Breaking Down Data Silos: How TileDB and Snowflake Are Transforming Multimodal Research

Table Of Contents:

The Multimodal Data Problem

From Multimodal to Omnimodal: A Vision for Tomorrow

Snowflake's AI Data Cloud for Healthcare

Breaking Down R&D Silos

Better Together: The Connected App Architecture

How It Works: TileDB's Perspective

How It Works: Snowflake’s Perspective

Three Key Use Cases for the Partnership

The Agentic Future

Key Capabilities Explained

The Bottom Line

The life sciences industry faces a critical challenge: scientific breakthroughs increasingly depend on analyzing diverse data types together, yet the infrastructure to do so remains fragmented, expensive, and complex. TileDB and Snowflake have partnered to solve the multimodal data puzzle that's been holding back precision medicine and drug discovery.

The Multimodal Data Problem

Multimodal data has become the foundation for competitive advantage in life sciences. From genomics and imaging to clinical records and phenotypic data, organizations need to connect these diverse data types to drive decision-making from bench to bedside.

But there's a catch. This data is terribly complex to use. The web of connections between different data modalities creates expensive infrastructure requirements, fractured tooling, and shadow IT organizations within companies—teams building bespoke solutions that others can't access or understand.

The reality is clear: while most organizations use complex multimodal data types, their data remains spread across multiple environments. This fragmentation makes AI adoption particularly difficult, as agents need unified access to tools and data that's currently scattered everywhere.

From Multimodal to Omnimodal: A Vision for Tomorrow

TileDB introduces the concept of the "omnimodal intelligence platform"—moving beyond today's multimodal approaches to a future where all data types are truly interconnected.

TileDB has built integrations across the AI ecosystem, from TensorFlow and PyTorch to NVIDIA tools, with native vector database functionality built on its multidimensional array foundation.

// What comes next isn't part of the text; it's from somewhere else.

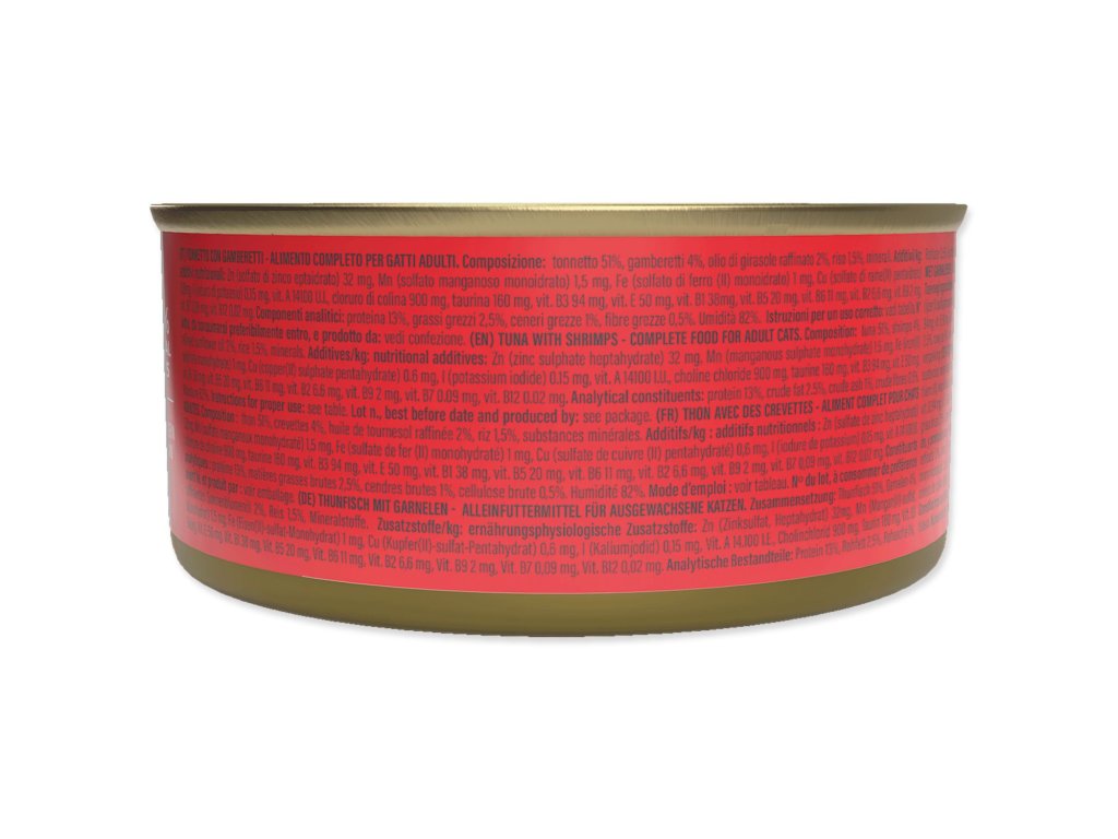 Složení: | Tuňák 51 %, krevety 4 %, rafinovaný slunečnicový olej 2 %, rýže 1,5 %, minerální látky. |

The platform serves as an end-to-end workbench for multi-omics, supporting everything from secondary analysis with Nextflow pipelines to tertiary analysis where data gets married with information from partner systems like Snowflake.

Snowflake's AI Data Cloud for Healthcare

Snowflake has evolved alongside the data landscape—from structured data into multimodal and unstructured sources, from data engineering into analytics, and now into AI and ML applications.

With over 12,000 customers globally (including 1,400 in life sciences), Snowflake has seen remarkable AI adoption: 60% of customers—nearly 7,000 organizations—have already adopted their AI capabilities. This momentum in life sciences is driven by security, governance, and regulatory compliance (HIPAA, GXP, FedRAMP), plus the ecosystem advantage of many health tech and life tech companies building on or powered by Snowflake.

True scientific innovation comes from bringing together multiple data sources. The key isn't just storing data, but creating optimized ways to integrate it into analytics, machine learning, and AI workflows while adhering to FAIR principles for self-service discovery.

Breaking Down R&D Silos

R&D organizations remain deeply siloed—sometimes by design for regulatory compliance, but often to the detriment of innovation. Even within R&D, teams work with vastly different niche tools and specialized storage systems.

What modern data platforms unlock is cross-collaboration use cases. For example, multi-omic data from clinical trials can feed back into early-stage virtual screening for drug discovery, speeding up the entire process of drug design and development.

Snowflake's AI stack includes enterprise-grade features fully integrated with role-based access control, serverless hosted models from major providers, and native agentic functions like Cortex AI. The platform also democratizes access to multimodal data through native SQL functions, allowing analysts—not just computational scientists—to work with complex imaging and genomic metadata.

Better Together: The Connected App Architecture

See the TileDB–Snowflake Connected App in Action

The TileDB-Snowflake Connected App enables:

Best-in-class performance by keeping each data type in its optimized system
Catalog synchronization between TileDB's Multimodal Catalog and Snowflake's Horizon Catalog via Iceberg integration
Zero-copy sharing in both directions—no data duplication, no versioning headaches
Flexible deployment supporting many-to-many relationships between TileDB and Snowflake instances

The architecture supports data ingestion from wet labs into both systems in parallel, with users accessing everything through either platform while maintaining complete governance.

How It Works: TileDB's Perspective

Flexible Configuration for Compliance

The connected app offers deployment flexibility crucial for meeting compliance requirements. IT administrators can configure Snowflake integrations at the workspace level (making them available to everyone) or at granular team space levels for specific projects or geographic regions. This allows organizations to have different teams access different Snowflake roles or accounts, maintaining proper governance boundaries while enabling collaboration where appropriate.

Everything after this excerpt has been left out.